A direction changing member 33 is housed inside the corner block 53. The direction changing member 33 is formed in the corner block 53 in a state where the concave curved surface is desired for both the inlet 54 and the outlet so that the drainage is changed by 90 degrees in the opposite direction to the case of the changing block 31. Is housed inside.
For this reason, as shown by a thick arrow in FIG. 7, when the drainage flows from the entrance of the upper space 37 of the change block 31, it hits the concave curved surface of the direction changing member 33 in the upper space 37 and is 90 degrees toward the center of the road. The direction is changed and flows into the water guide block 52 from the drain port 39.

Thereafter, the waste water that has flowed into the water guide block 52 flows into the corner block 53 from the inflow port 54, strikes the concave curved surface of the direction changing member 33 in the corner block 53, and changes its direction to the original direction by 90 degrees. It flows out from the exit of the corner block 53.
Accordingly, when the change block 31 is connected to the end of the side groove block 1 and the water channel block 51 is connected to the change block 31, the drainage flowing through the upper space 37 is twice as shown by the thick arrows in FIG. After the direction change of 90 degrees, the flow down position is shifted to the center of the road (left side of FIG. 7A) by the length of the water guide block 52.

  7A illustrates the case where the flow of the drainage indicated by the thick arrow is in the order of the change block 31 → the water guide block 52 → the corner block 53, but when the drainage flows from the corner block 53, FIG. The drainage flows in the order of the corner block 53 → the water guide block 52 → the change block 31.
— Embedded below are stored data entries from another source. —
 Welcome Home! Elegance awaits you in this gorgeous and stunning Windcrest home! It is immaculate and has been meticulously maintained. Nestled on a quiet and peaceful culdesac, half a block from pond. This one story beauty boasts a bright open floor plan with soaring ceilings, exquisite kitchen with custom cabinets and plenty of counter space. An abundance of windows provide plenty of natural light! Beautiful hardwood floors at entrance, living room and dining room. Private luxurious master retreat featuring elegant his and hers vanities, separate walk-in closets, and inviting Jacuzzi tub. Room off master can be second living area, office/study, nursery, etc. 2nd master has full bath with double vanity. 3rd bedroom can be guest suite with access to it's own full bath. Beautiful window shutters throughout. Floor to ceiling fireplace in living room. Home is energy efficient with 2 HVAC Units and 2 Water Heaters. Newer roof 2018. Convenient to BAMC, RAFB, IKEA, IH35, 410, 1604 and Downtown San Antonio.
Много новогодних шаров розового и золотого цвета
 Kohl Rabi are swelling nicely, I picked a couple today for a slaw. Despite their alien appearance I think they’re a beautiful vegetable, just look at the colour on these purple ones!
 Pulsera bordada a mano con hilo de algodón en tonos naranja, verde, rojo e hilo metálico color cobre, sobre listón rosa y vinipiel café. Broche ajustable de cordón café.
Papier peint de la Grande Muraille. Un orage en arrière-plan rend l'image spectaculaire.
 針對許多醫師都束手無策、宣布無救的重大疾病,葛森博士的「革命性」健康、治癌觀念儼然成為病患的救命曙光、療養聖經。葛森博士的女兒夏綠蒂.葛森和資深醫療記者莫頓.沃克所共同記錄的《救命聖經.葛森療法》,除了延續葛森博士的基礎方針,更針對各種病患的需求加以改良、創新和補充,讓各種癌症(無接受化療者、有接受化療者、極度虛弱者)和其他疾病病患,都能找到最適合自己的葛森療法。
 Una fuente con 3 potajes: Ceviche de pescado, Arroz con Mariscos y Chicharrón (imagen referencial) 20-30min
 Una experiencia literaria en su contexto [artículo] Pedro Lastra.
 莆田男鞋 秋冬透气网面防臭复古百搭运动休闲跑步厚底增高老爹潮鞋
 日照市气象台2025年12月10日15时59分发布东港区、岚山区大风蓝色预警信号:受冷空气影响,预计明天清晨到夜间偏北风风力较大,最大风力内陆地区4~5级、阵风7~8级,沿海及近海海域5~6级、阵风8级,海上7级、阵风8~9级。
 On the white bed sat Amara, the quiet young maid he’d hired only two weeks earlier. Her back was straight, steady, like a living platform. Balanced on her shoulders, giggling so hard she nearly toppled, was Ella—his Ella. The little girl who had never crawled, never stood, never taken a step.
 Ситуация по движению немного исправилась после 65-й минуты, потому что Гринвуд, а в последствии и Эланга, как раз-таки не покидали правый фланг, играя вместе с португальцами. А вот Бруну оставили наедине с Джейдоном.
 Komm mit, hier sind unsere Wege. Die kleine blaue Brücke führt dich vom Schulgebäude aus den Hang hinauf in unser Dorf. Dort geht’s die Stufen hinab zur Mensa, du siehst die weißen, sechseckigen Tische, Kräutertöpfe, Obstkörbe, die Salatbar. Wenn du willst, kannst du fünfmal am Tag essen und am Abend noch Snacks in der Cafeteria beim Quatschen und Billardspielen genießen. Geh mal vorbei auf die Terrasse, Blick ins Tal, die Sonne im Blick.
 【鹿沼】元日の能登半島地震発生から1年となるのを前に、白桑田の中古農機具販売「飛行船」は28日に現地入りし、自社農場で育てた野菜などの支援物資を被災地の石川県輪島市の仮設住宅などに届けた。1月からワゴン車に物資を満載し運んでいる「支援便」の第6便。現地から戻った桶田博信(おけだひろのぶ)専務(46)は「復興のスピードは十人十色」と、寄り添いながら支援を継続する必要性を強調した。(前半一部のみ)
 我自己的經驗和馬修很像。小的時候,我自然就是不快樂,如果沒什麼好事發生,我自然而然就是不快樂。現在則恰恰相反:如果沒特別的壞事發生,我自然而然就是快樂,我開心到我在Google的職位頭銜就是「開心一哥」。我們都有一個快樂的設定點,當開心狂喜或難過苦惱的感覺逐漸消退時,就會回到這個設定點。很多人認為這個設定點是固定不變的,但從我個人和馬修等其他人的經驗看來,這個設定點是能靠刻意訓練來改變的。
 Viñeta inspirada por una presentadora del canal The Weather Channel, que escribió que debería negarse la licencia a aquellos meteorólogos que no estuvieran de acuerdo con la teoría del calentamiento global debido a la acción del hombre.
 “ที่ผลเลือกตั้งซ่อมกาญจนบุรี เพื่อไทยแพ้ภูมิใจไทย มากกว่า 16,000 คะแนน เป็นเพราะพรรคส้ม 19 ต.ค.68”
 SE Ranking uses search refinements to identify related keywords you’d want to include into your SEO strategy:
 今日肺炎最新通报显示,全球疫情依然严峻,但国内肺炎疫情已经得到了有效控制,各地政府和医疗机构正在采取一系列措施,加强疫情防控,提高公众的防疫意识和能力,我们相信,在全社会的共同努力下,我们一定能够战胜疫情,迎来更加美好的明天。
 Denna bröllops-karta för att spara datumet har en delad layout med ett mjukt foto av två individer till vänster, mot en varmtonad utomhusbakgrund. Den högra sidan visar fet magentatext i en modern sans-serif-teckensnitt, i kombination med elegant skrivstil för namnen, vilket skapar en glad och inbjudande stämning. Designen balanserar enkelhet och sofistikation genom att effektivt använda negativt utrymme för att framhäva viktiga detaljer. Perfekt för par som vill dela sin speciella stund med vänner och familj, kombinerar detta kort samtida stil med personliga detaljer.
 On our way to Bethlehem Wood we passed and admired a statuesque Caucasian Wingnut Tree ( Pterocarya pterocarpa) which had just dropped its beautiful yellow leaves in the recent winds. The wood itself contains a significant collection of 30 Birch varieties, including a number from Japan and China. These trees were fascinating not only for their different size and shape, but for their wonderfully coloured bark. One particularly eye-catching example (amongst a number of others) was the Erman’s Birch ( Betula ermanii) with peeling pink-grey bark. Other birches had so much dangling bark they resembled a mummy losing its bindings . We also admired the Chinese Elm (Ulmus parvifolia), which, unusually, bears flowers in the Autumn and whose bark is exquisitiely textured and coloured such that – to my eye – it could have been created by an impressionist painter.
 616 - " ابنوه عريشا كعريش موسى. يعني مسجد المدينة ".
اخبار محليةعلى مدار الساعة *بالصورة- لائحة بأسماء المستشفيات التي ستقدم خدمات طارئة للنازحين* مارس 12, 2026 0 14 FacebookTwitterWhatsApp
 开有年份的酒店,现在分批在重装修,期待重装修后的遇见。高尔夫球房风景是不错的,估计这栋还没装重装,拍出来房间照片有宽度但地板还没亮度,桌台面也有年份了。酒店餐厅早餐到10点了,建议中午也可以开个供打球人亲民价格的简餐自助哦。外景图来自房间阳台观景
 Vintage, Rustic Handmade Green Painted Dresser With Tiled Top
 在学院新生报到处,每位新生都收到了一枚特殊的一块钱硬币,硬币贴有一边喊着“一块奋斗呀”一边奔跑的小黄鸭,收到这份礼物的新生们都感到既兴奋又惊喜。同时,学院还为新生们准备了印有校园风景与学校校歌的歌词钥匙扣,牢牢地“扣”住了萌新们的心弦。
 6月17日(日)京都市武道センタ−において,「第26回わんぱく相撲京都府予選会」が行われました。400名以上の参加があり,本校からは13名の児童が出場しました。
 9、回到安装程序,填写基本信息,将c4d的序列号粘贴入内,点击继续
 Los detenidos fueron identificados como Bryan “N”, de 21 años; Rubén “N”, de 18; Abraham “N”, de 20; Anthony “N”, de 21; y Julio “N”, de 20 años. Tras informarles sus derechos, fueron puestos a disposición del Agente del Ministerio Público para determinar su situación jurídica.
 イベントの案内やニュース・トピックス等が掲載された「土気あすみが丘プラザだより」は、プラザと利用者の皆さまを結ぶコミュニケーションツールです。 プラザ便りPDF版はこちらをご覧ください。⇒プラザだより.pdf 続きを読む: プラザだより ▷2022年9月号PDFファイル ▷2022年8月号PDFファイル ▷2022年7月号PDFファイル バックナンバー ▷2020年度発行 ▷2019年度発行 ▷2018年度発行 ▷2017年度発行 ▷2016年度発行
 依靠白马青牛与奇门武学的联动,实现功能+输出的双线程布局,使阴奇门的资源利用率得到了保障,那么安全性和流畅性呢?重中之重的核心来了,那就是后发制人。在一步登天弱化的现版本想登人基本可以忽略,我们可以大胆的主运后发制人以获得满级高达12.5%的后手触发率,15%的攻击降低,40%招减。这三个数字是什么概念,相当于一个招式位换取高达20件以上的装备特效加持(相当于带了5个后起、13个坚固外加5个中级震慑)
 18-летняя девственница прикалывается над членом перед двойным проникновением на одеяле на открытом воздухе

[Configuration example of the buttocks section (2)]
FIG. 8 is a plan view showing a configuration example of the buttock section 4 using the change block 31 and the detour channel block 51.
As shown in the figure, in the configuration example of the flange section 4, the change blocks 31 and 31 are connected to the side groove block 1 at the end of the two side groove sections 3 and 3 separated by the cable flange 34, respectively. Further, water channel blocks 51, 51 are connected to the respective change blocks 31, 31.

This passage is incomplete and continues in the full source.